§ **RECORDED DATA**:
◆ ◆ ◆ ◆ ◆

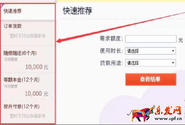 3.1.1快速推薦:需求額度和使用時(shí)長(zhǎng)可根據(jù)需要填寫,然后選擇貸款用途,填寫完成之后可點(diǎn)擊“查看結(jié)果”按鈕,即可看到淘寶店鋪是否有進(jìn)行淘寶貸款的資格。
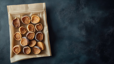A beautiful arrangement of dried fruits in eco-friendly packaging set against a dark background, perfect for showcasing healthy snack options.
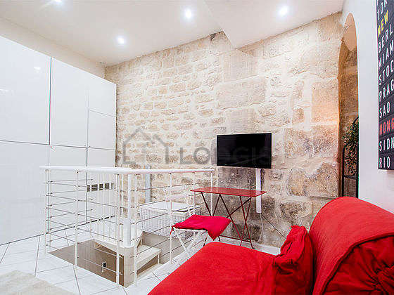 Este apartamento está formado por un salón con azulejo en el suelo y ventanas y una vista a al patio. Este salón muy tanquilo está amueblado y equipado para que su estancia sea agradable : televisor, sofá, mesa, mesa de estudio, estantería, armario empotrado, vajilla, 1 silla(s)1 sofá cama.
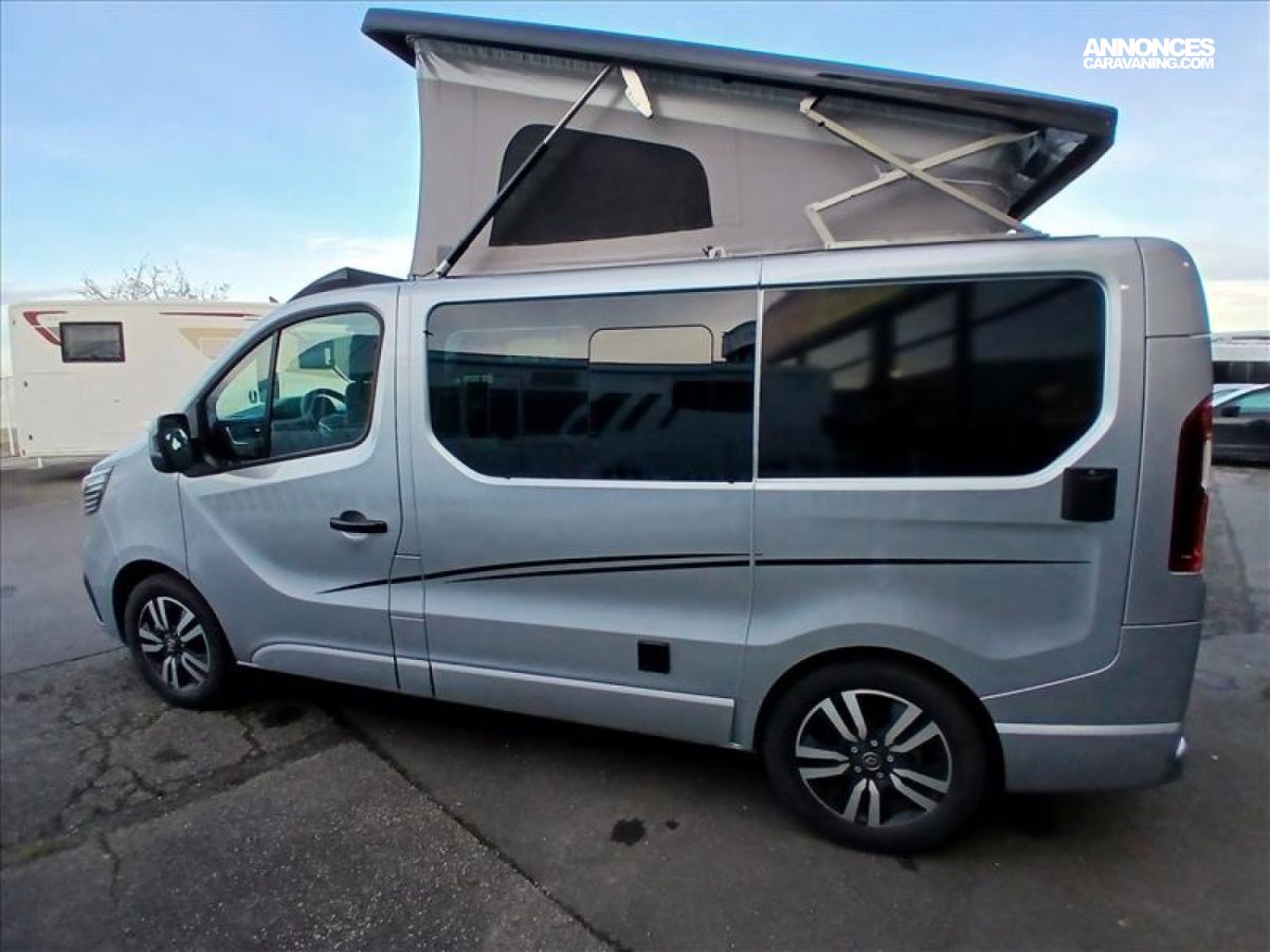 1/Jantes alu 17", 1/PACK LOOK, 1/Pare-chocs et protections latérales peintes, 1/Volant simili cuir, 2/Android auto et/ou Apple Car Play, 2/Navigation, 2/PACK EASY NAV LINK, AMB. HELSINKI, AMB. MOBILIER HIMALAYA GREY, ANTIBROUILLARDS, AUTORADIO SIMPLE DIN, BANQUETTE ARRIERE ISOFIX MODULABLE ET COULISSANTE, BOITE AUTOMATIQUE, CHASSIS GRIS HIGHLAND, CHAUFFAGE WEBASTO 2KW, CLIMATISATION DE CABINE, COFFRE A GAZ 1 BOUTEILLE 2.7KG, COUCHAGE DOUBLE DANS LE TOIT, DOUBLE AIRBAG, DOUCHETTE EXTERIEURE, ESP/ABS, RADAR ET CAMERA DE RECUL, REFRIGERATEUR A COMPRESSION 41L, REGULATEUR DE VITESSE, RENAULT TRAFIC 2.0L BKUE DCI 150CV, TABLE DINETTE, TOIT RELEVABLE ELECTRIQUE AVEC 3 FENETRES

◆ ◆ ◆ ◆ ◆

§ **EXERCISE**: Repeat, line for line and exactly, the material from its first line through the line that contains "Este apartamento está", both ends included; no pictures belong in the copy.

§ **SOLUTION FOR THIS PROBLEM**:
 3.1.1快速推薦:需求額度和使用時(shí)長(zhǎng)可根據(jù)需要填寫,然后選擇貸款用途,填寫完成之后可點(diǎn)擊“查看結(jié)果”按鈕,即可看到淘寶店鋪是否有進(jìn)行淘寶貸款的資格。
A beautiful arrangement of dried fruits in eco-friendly packaging set against a dark background, perfect for showcasing healthy snack options.
 Este apartamento está formado por un salón con azulejo en el suelo y ventanas y una vista a al patio. Este salón muy tanquilo está amueblado y equipado para que su estancia sea agradable : televisor, sofá, mesa, mesa de estudio, estantería, armario empotrado, vajilla, 1 silla(s)1 sofá cama.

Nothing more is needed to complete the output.